Cars equipped with air conditioning must use a glycol-base permanent type anti-freeze in the cooling system throughout the entire year...this precaution is necessary inasmuch as the air conditioner evaporator lies in close proximity to the heater core, which may cause coolant in heater core TO FREEZE
[my emphasis] if system is not protected."

BTW, if the radiator top tank is not over-filled, to begin with (the water level should be just above the top of the internal cooling core) and, if the radiator cap (14psi recommended) is operating properly, that "over-flow" tube, along the top of the radiator, will ONLY have to expell excess AIR PRESSURE from the cooling system, and no coolant will have been lost.

At least, that's precisely what the SERVICE MANUAL has to say on the subject of water, and
coolant, and radiator caps.

Neil Vedder--who uses a 50/50 mixture of water/anti-freeze in his car, year around.





Paul Holmgren wrote:
Ok, after this subject has been beat to death several times, and after a lot of reading, both reports, and manufacturing claims, and taking into account direct experiences, I think I have figured out the main thing we need to so for our
vintage cars surviving this sort of modern automotive chemistry.

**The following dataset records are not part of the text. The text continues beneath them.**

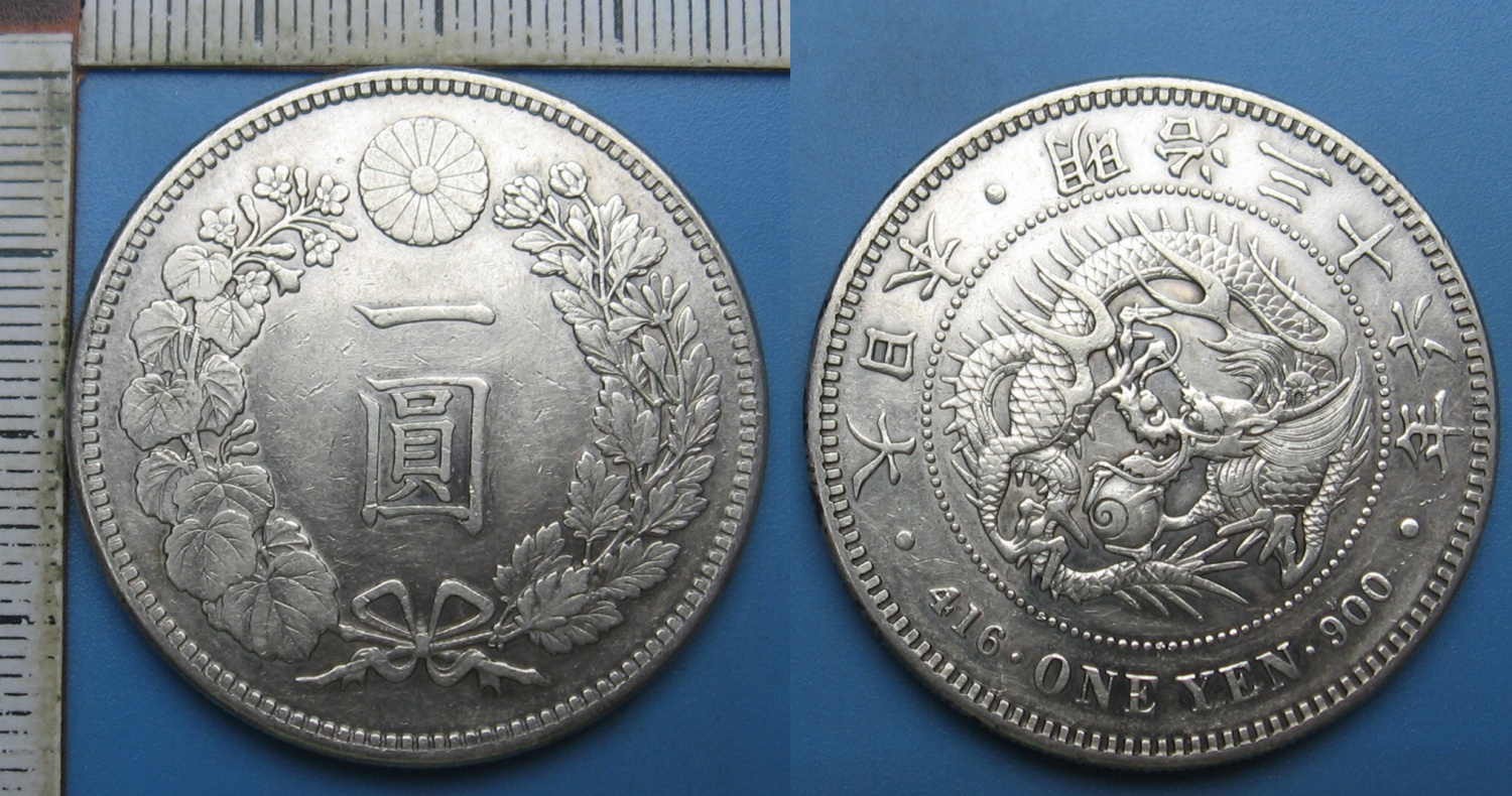 • 1903 (36) - 1 jen, stříbro - Japonsko, éra Meiji (Mustsuhito)
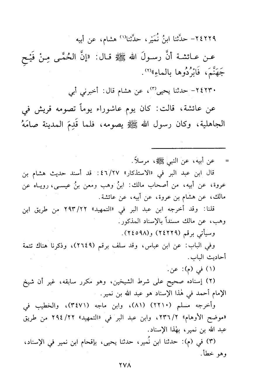 ٢٤٢٢٩ - حَدَّثَنَا ابْنُ نُمَيْرٍ، حَدَّثَنَا (١) هِشَامٍ، عَنْ أَبِيهِ، عَنْ عَائِشَةَ، أَنَّ رَسُولَ اللهِ صَلَّى اللهُ عَلَيْهِ وَسَلَّمَ قَالَ: " إِنَّ الْحُمَّى، مِنْ فَيْحِ جَهَنَّمَ، فَأَبْرِدُوهَا بِالْمَاءِ " (٢)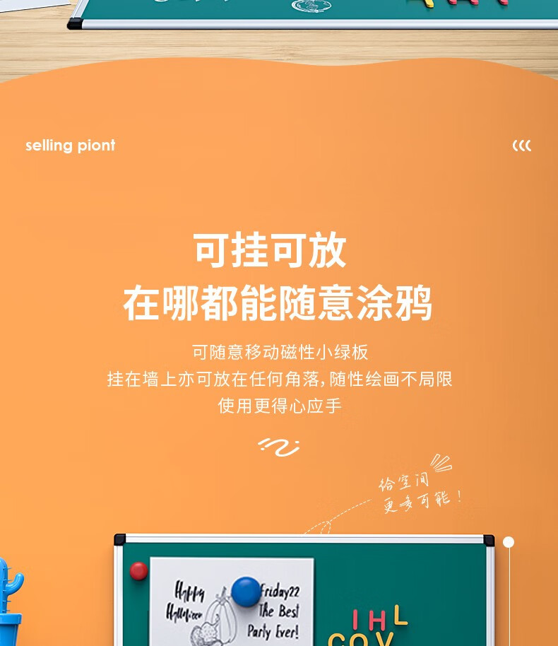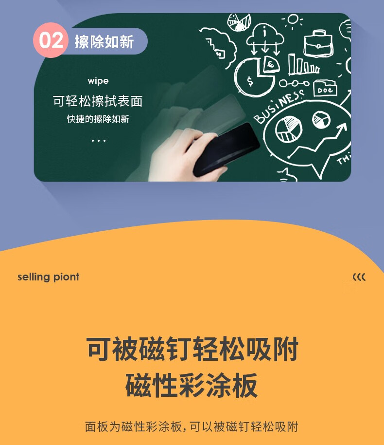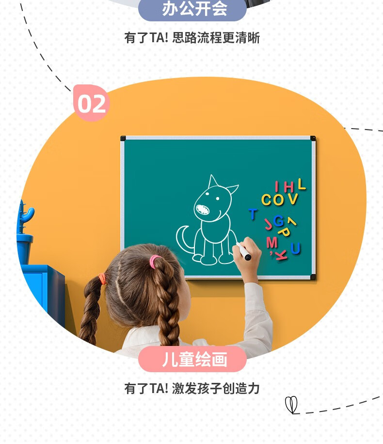 得力8739-H型架磁性玻璃白板1800*900mm(黑色)
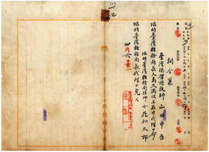 一四 民政長官ノ電令ニ依リ臨時台湾糖務局技師小花和太郎ノ臨時台湾糖務局長代理ヲ免シ、台湾総督府技師山田申吾ニ臨時台湾糖務局長大島久満次不在中ノ代理ヲ命ス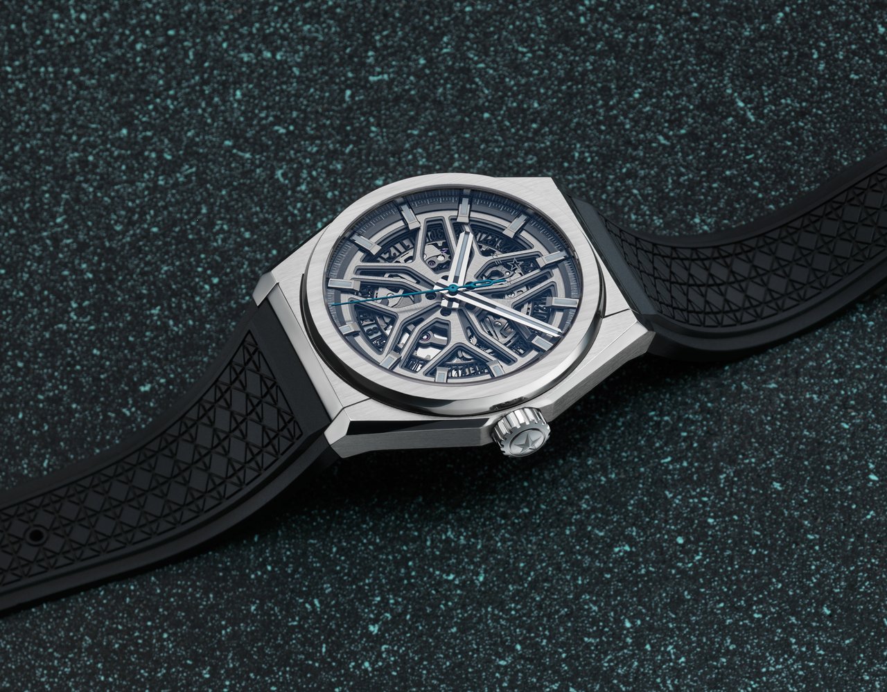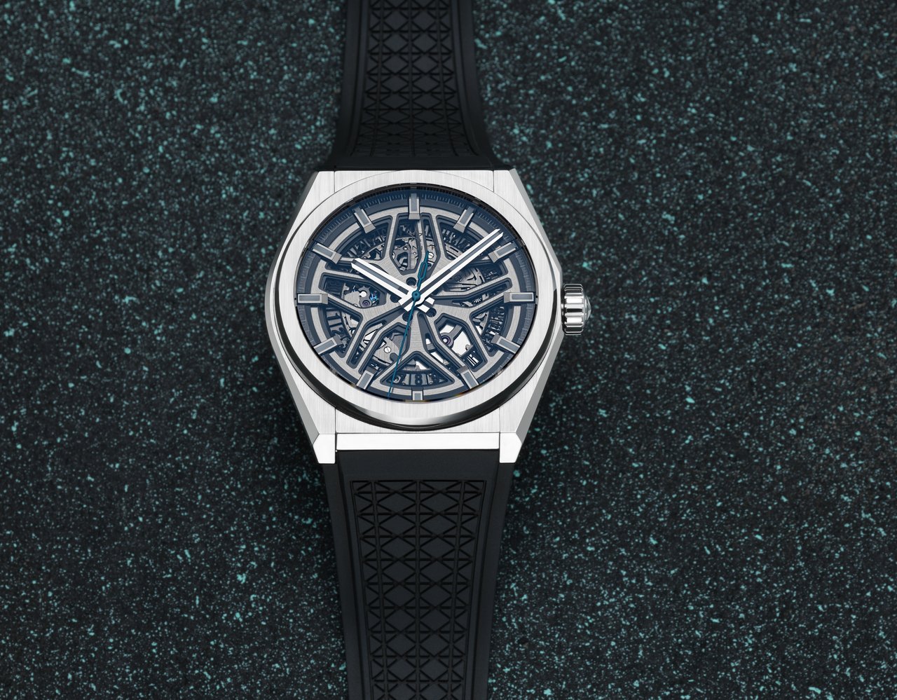 The open-worked dial of this sophisticated timepiece is inspired by the sculptural design of the wheel design of the Evoque, while the quilted-patterned upholstery of the premium SUV is picked up in the ‘diamond’ motif gracing the rubber strap of its horological alter ego. Powered by a new Elite skeletonised movement, ZENITH’s first reinterpretation of its Defy Classic collection radiates a unique allure based on an inspired and powerful design.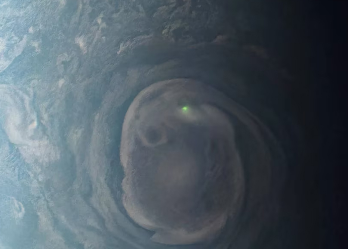 Este destello verdoso, de naturaleza espeluznante, ha sido identificado como un rayo surgido de una tormenta masiva que se retorcía cerca del polo norte del gigante gaseoso.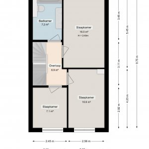 In deze kamer ook plaats voor een grote kledingkast en bergruimte achter de knieschotten.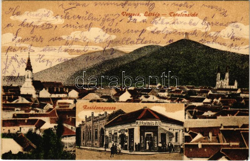 1916 Versec, Werschetz, Vrsac; Residenzgasse / utca, M. P. Pavlovits és fia üzlete / street, shop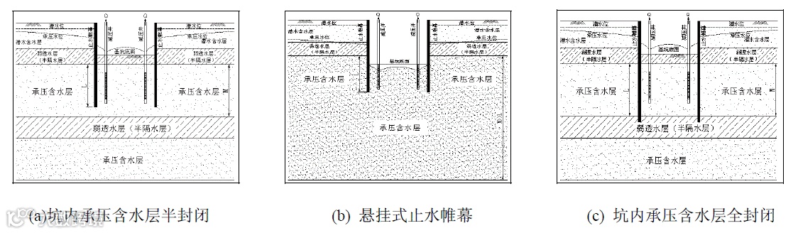 ②当止水帷幕插入承压含水层顶板以下的半隔水层或弱透水层中,隔水帷幕已完全阻断了基坑内外承压含水层间的水力联系。

OVERFLOW tanks, of any sort that allows an overflow radiator cap AND fluid maintained in the tank. THE reason seems to be that NO air is to be in the cooling system at all. I think all current formulations being sold today are of this nature. The only way to do this is to purge as much air out of the cooling system and to maintain the same mix in the overflow tank. As the final bit of air gets purged by the normal operation of the system then the fluid that is used will not break down as fast in the cooling system. The particulates that settle out and develop the crud that blocks the heater core and other small passages then does not happen (normally), sometimes as fast as 6 - 12 months. This short time span breakdown I have personally seen and experienced in systems
comparable to the 55 - 65 cooling system designs.

I think the first signs of the breakdown can be seen in the overflow tanks as a film of buildup of the particulates as they settle out of the fluids exposed to
air in the overflow tank.

All one should have to do for the 2 or so years between changes is to make sure that the overflow container never runs dry during the periods that you operate
your car.

I personally will still adhere to the 2 year change out cycle, regardless of the vintage automobile. We have seen the desirability of doing this even with modern
cars.

AND above all else, Do Not Mix Types of coolant in the same system.